───── Data provided
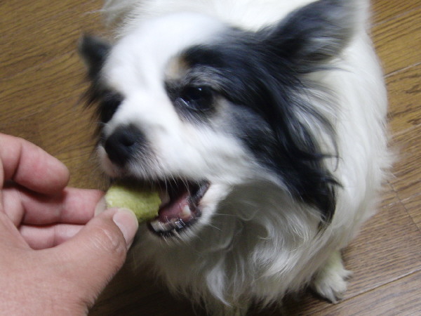 はじめは未知のオヤツに半信半疑でクンクンとしてましたけど、食べ出すと一瞬でなくなりました(笑)
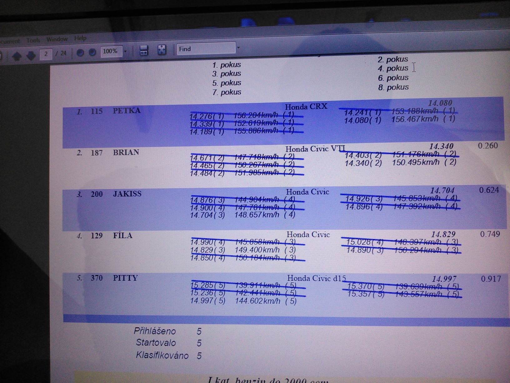 tentokrat zase 1místo takže cesta se vyplatila Shaka píše:Asi si sa trochu prerátal, ale nehcem kritizovat.Robim priamo tam, kde sa tie matadory vyrabali a mozem povedat, ze minimalne od 2008 roku sa uz nerobia odkedy sa zrusila vyroba športovych plastov v matadore. Inak chvalim pekny čas si dal. tiež sa pozeram po slikoch nakolko som isiel jeden sprint na civilakoch a nebolo to ono.Len tak pre zaujimavost nevies vahu auta cca na sprinte dik.
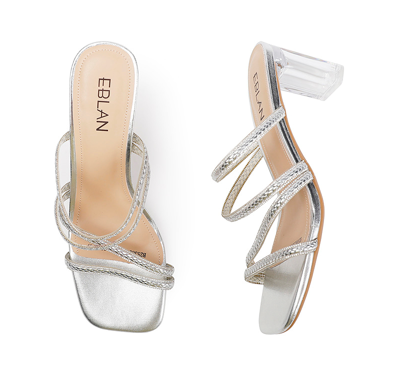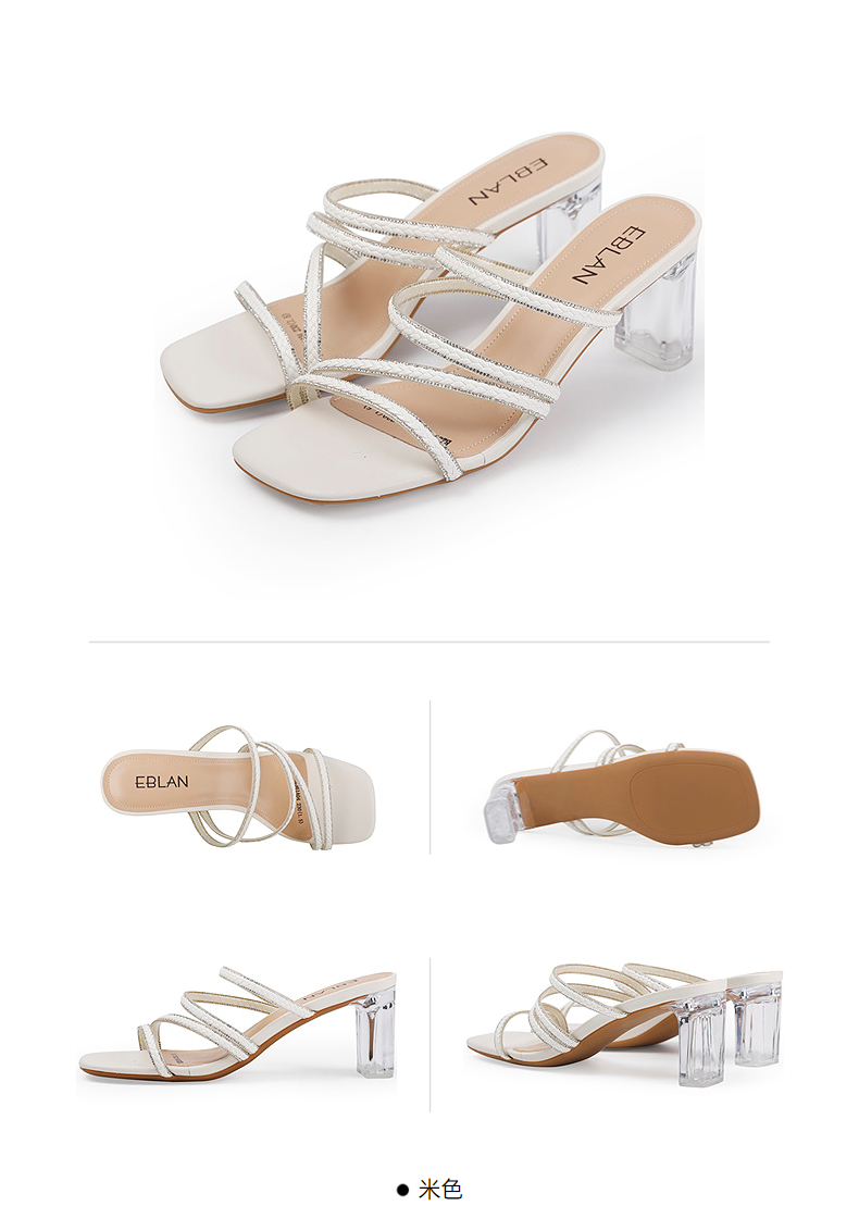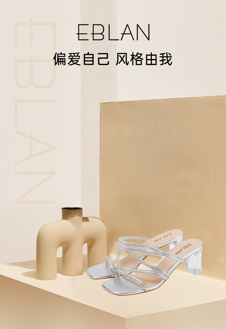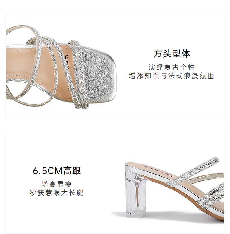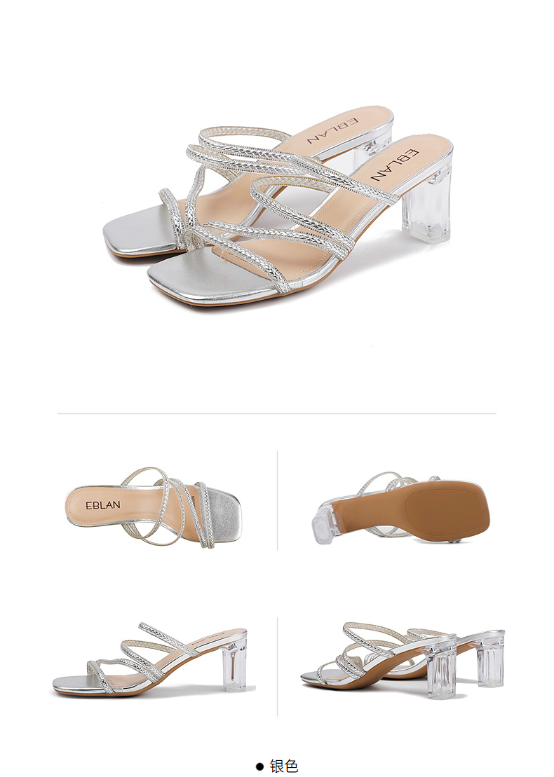 伊伴夏季趣味编织条带鞋面复古设计知性方头凉鞋B25382361
──────────
Task directions.
Exactly as written, return every line of the listing, but not the pictures.

Response to the task.
 はじめは未知のオヤツに半信半疑でクンクンとしてましたけど、食べ出すと一瞬でなくなりました(笑)
 tentokrat zase 1místo takže cesta se vyplatila Shaka píše:Asi si sa trochu prerátal, ale nehcem kritizovat.Robim priamo tam, kde sa tie matadory vyrabali a mozem povedat, ze minimalne od 2008 roku sa uz nerobia odkedy sa zrusila vyroba športovych plastov v matadore. Inak chvalim pekny čas si dal. tiež sa pozeram po slikoch nakolko som isiel jeden sprint na civilakoch a nebolo to ono.Len tak pre zaujimavost nevies vahu auta cca na sprinte dik.
 伊伴夏季趣味编织条带鞋面复古设计知性方头凉鞋B25382361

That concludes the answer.